Ahead of Sweden's quarterfinal clash against England, here's a look at how the teams stack up against each other.

Harry Kane and Emil Forsberg's involvement in the game is going to be crucial to their teams.   -  AFP

Sweden, from beating a highly-fancied Italy in the World Cup playoff to topping a tough Group F and beating an attractive Switzerland in the last-16, has defied all odds to be in the quarterfinals. It goes into the last-eight clash against England with nothing to lose once again. 

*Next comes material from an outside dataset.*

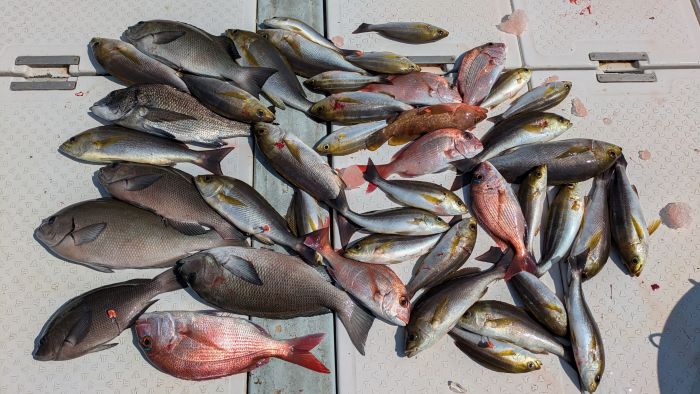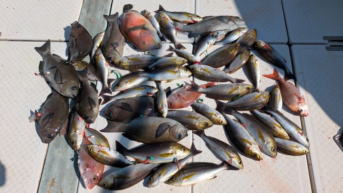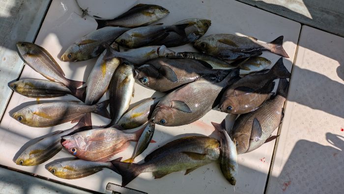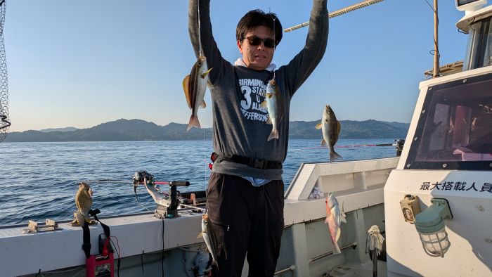 1名 (ハガツオ2本、ヤズ・ネリゴ8本、2キロ真鯛)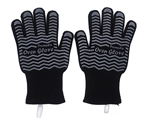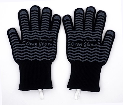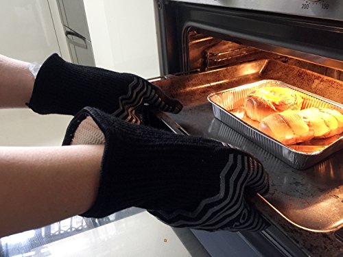 besttoop熱抵抗グローブwith Siliconストリップ保護コーティングon指&手のひら、料理for BBQグリル、Bakingなど、1ペア ブラック GP21-BB

Sportstar does a SWOT analysis of both the teams ahead of their quarterfinal clash.  

Strength

Sweden’s biggest strength has been its defence, justified when it conceded only two goals in four matches so far. Its back four (Mikael Lustig, Victor Lindelof, Andreas Granqvist, and Ludwig Augustinsson) have now been constant for three matches in a row, keeping two clean sheets (impressively, against quality attacking sides like Mexico and Switzerland) along the way. 

England hasn’t been free-flowing but for one match (against Panama, which it won 6-1) at this World Cup, but the penalty shootout victory against Colombia showed its mental strength and would have given the confidence to dig deep into the tournament. 

Weakness

Sweden has struggled to retain possession (its average possession in four outings so far is a little over 40 per cent), which was particularly evident in the second half of its Group F fixture against Germany. 

England has scored only three goals from open play so far in this tournament. Against a Swedish side which is excellent at defending set-pieces, the Three Lions might well not find the joy it has so far from corners; Sweden hasn’t conceded a spot-kick yet either. 

England's high line and three-man defence could afford Marcus Berg and Ola Toivonen acres of space to during counter-attacks.   -  Getty

 

Opportunities

Sweden defending deep in its own half could play into England’s hands, particularly with Harry Kane not shy of shooting from distance and his ability to strike the ball cleanly. 

With England employing a high press and its three-man defence potentially playing near the halfway line, Marcus Berg and Ola Toivonen, the two strikers, will have acres of space to run into when a counter-attacking opportunity arises. With the two strikers potentially camped in their own half out of possession, they can also beat the offside trap. 

Harry Kane is easily the biggest threat to Sweden.   -  Getty

 

Threats

Harry Kane is easily the biggest threat to Sweden. He combines his ability with personality to deliver under pressure and has led England into the quarterfinals with six goals. 

Emil Forsberg, given his level of involvement when Sweden is in possession, is the key player for his team. And his quality deliveries from corners and free-kicks make him a threat for England.